On Tue, 31 Mar 2020 13:20:05 +0200 (CEST) carsten@strotmann.de wrote:
As I have seen similar systems to NAV breaking down in large (> 100.000 devices) networks, I would like to know if anyone has experience with NAV in such large networks and how NAV scales in these networks.
Anyone using NAV in such large environments?
I don't know of anyone, but you never know who you'll find on this mailing list. I'm just here to throw some theoretical considerations into the mix :-)
The biggest bottleneck in a 100.000 node system would probably be Graphite, followed by the NAV snmp collector (ipdevpoll).

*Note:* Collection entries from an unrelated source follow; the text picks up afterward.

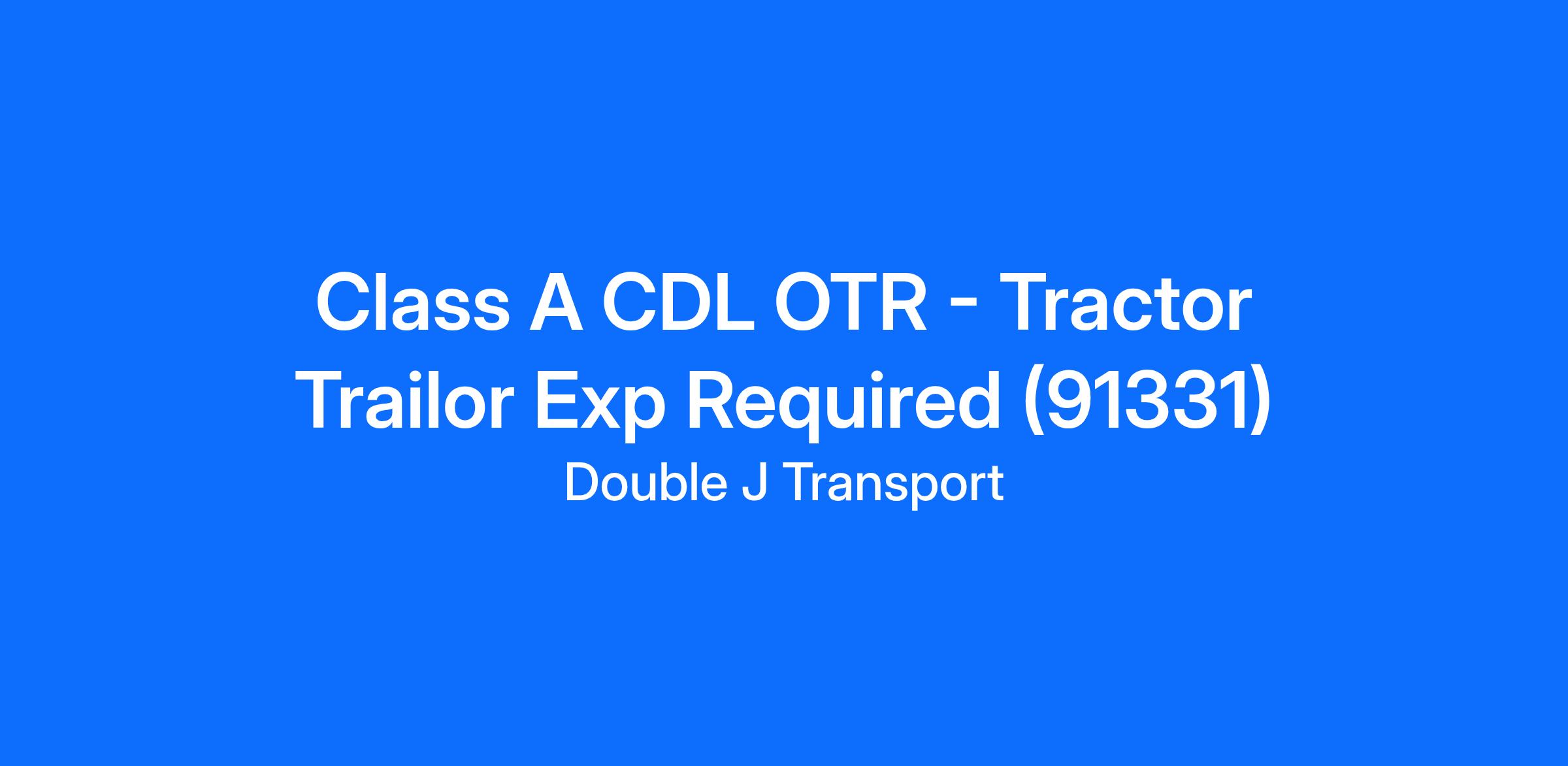 Class A CDL OTR - Tractor Trailor Exp Required (91331)
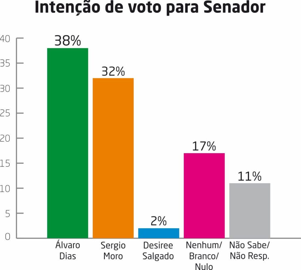O Senador Alvaro Dias permanece em primeiro lugar na preferência dos paranaenses, com 32% das intenções de votos, um aumento em relação à pesquisa anterior. Em segundo lugar está o ex-juiz Sergio Moro com 29%. Paulo Martins em terceiro, com 5% das intenções de votos, seguido de Orlando Pessuti e Guto Silva, ambos com 3%. Desiree Salgado foi escolhida por apenas 1% dos entrevistados e os outros candidatos não pontuaram.
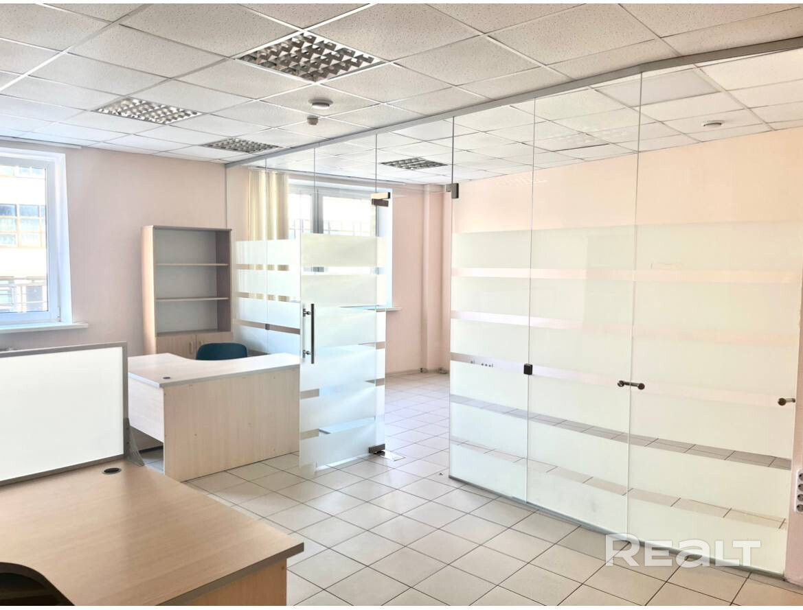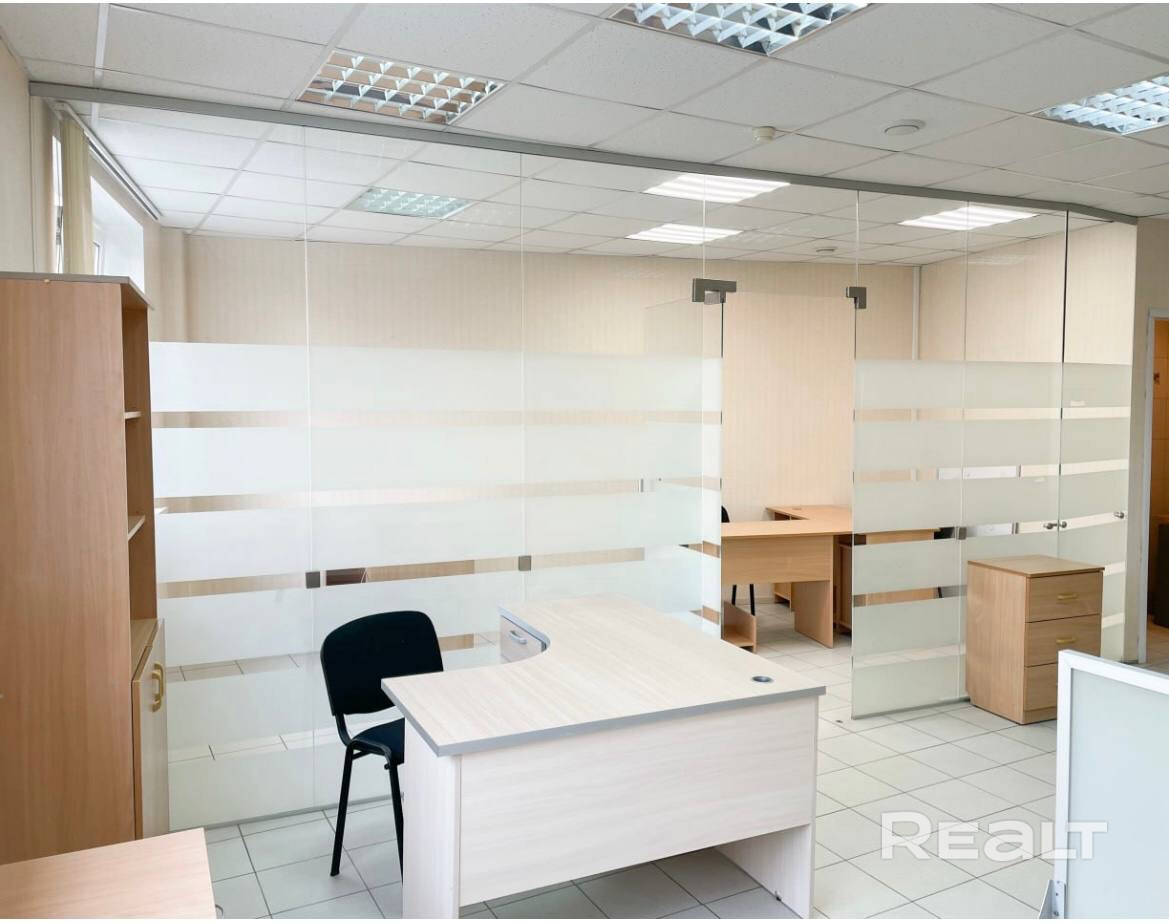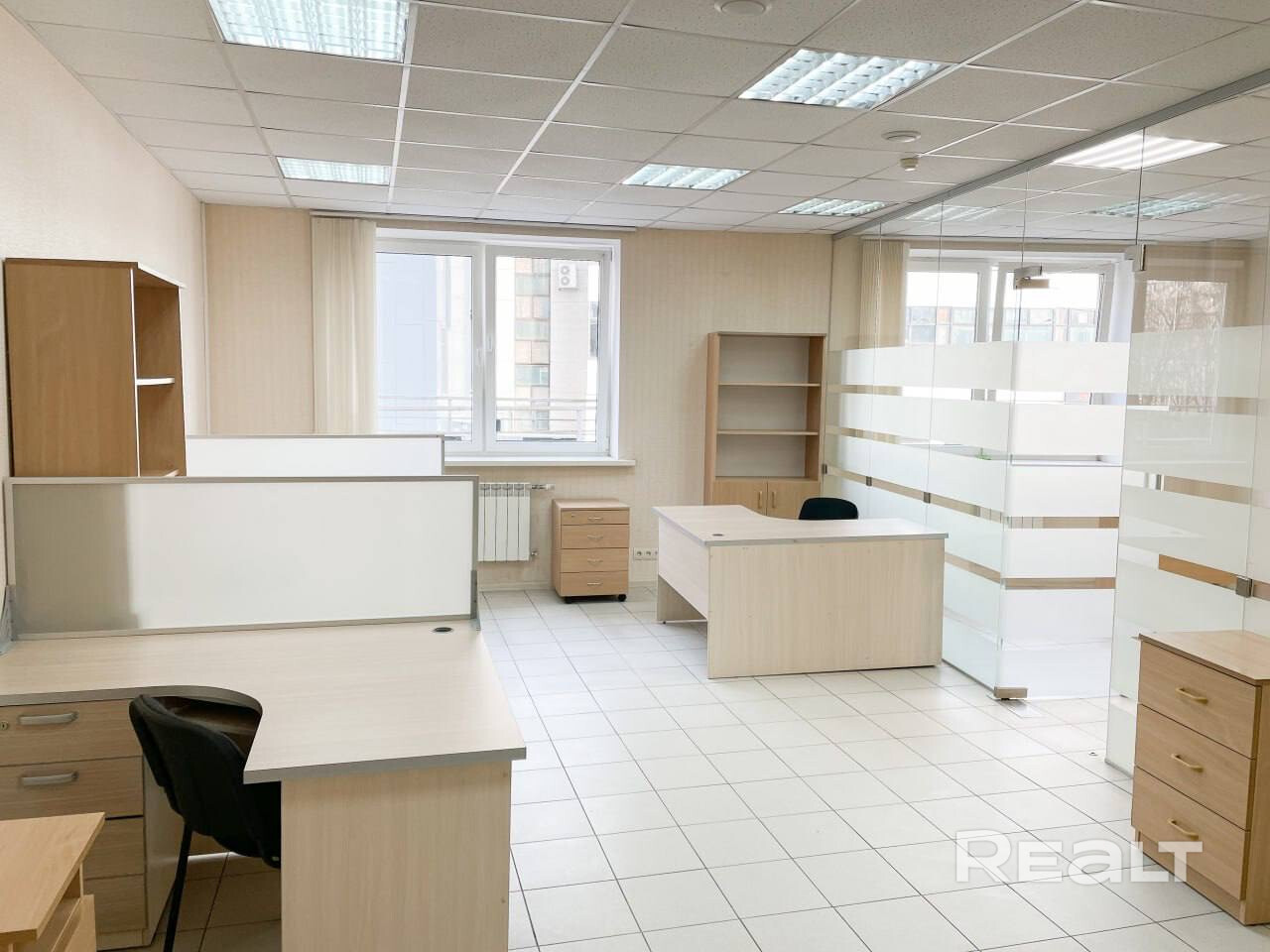 Офис после обновлен. ремонта, частично с мебелью. Разделен на 2 помещения стеклянной стационарной перегородкой. Удобно расположен на 2-м этаже 16-этажного здания БЦ, позволяя экономить время, потраченное на ожидания лифтов. В здании БЦ есть банк, пиццерия, кафе, множество организаций различных видов деятельности. Инфраструктура района развита. Транспортное сообщение удобное (10 мин от ст.м Я Коласа или от ст.м. Московская. Высокоскоростной интернет (оптоволокно). Приточно-вытяжная вентиляция.

Graphite is the 3rd party time series database utilized by NAV. It has kind of a high I/O bandwidth footprint, but is designed to be scaled horizontally - it just takes some effort to configure.
PostgreSQL has its own scaling strategies, but should always be hosted on dedicated hardware in a scenario like this.
Some work is being done on making ipdevpoll more horizontally scalable as well. Specifically, pull request #2128 (https://github.com/Uninett/nav/pull/2128) attempts to enable configuration options to allow individual ipdevpoll instances to work only with specific groups of devices. The contributor aims to use this for running distributed collection inside closed networks, but it would essentially work as a scaling mechanism as well.